Le récit des événements de cet été est rapporté selon le point de vue de chacun des personnages. Il y a parfois des retours en arrière, comme pour mieux égarer le lecteur... La psychologie des personnages est bien rendue Leur typologie peut paraître banale et figée, il n'en est rien. Ce qui importe, ce sont les relations qui les unissent : Laura qui flirte et allume Linlin, la sérieuse Alice qui fait la lecture à Jean-Alain, Alice qui est attirée par Nour et réciproquement, Jean-Alain qui aime être avec des filles, le brigadier rustre qui ne se lie guère. Et l'inconnu qui prépare un mauvais coup et qui vit dans un autre monde.

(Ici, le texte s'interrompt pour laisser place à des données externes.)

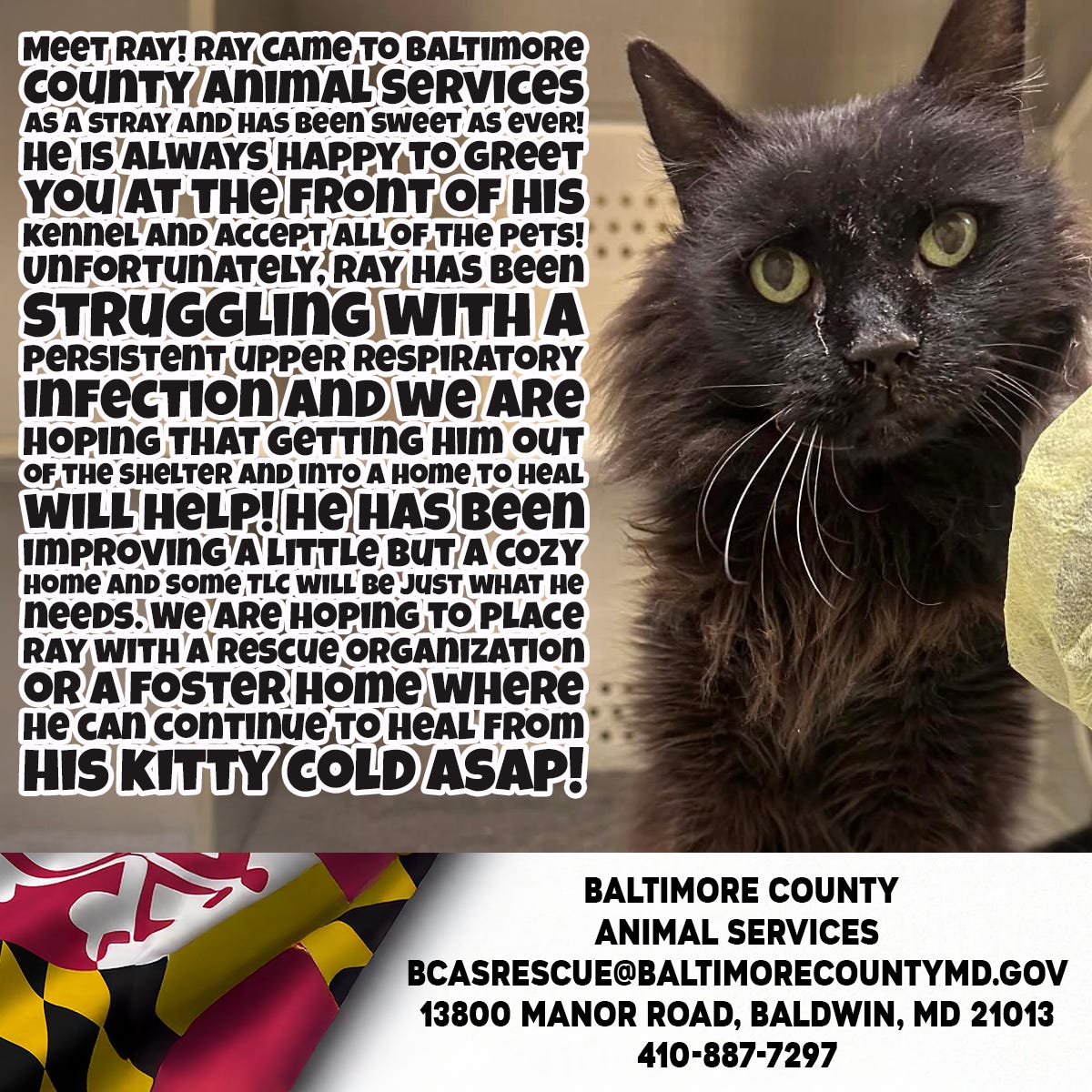 Meet Ray! Ray came to Baltimore County Animal Services as a stray and has been sweet as ever! He is always happy to greet you at the front of his kennel and accept all of the pets! Unfortunately, Ray has been struggling with a persistent upper respiratory infection and we are hoping that getting him out of the shelter and into a home to heal will help! He has been improving a little but a cozy home and some TLC will be just what he needs. We are hoping to place Ray with a rescue organization or a foster home where he can continue to heal from his kitty cold asap!

Quand on découvre, bien avant la fin du livre, l'identité du kidnappeur, on se dit que l'intrigue a perdu de sa saveur. Il reste au lecteur à finir la lecture en souriant de la lourdeur du brigadier, en tremblant de peur qu'il n'arrive un malheur à Laura. Mais on se trompe, on ne connaît pas la chute. Elle est terrible et diabolique, on a comme un malaise...

La lecture est stressante, parce que dans cet endoit où il ne se passe jamais rien, ce qui arrive cette été-là est dramatique. Le lecteur ne peut que craindre le pire pour la jeune fille. Il craint le geste fou de Freddy. Il attend l'erreur judiciaire, car il est le seul à savoir que le fou n'est pas celui qu'on croit. Le roman dérange, car nous savons que nous pourrions bêtement penser comme le brigadier, croire que le clochard du coin, l'immigré, le simple d'esprit... Terriblement gênant de ne pouvoir refuser le miroir que nous tend Nozière...

J'ai particulièrement aimé le personnage de Jean-Alain. Jean-Paul Nozière s'avère être un excellent portraitiste d'ados un peu marginaux, d'ados que l'on peut fréquenter dans la vie réelle et dont on ne voit que ce qu'ils montrent, pas ce qu'ils sont.

Fin 2011, Jean-Paul Nozière était à Lamballe au festival Noir sur la ville, Là où le kidnappeur comptait emmener Laura...

Un excellent roman policier. Pour ados.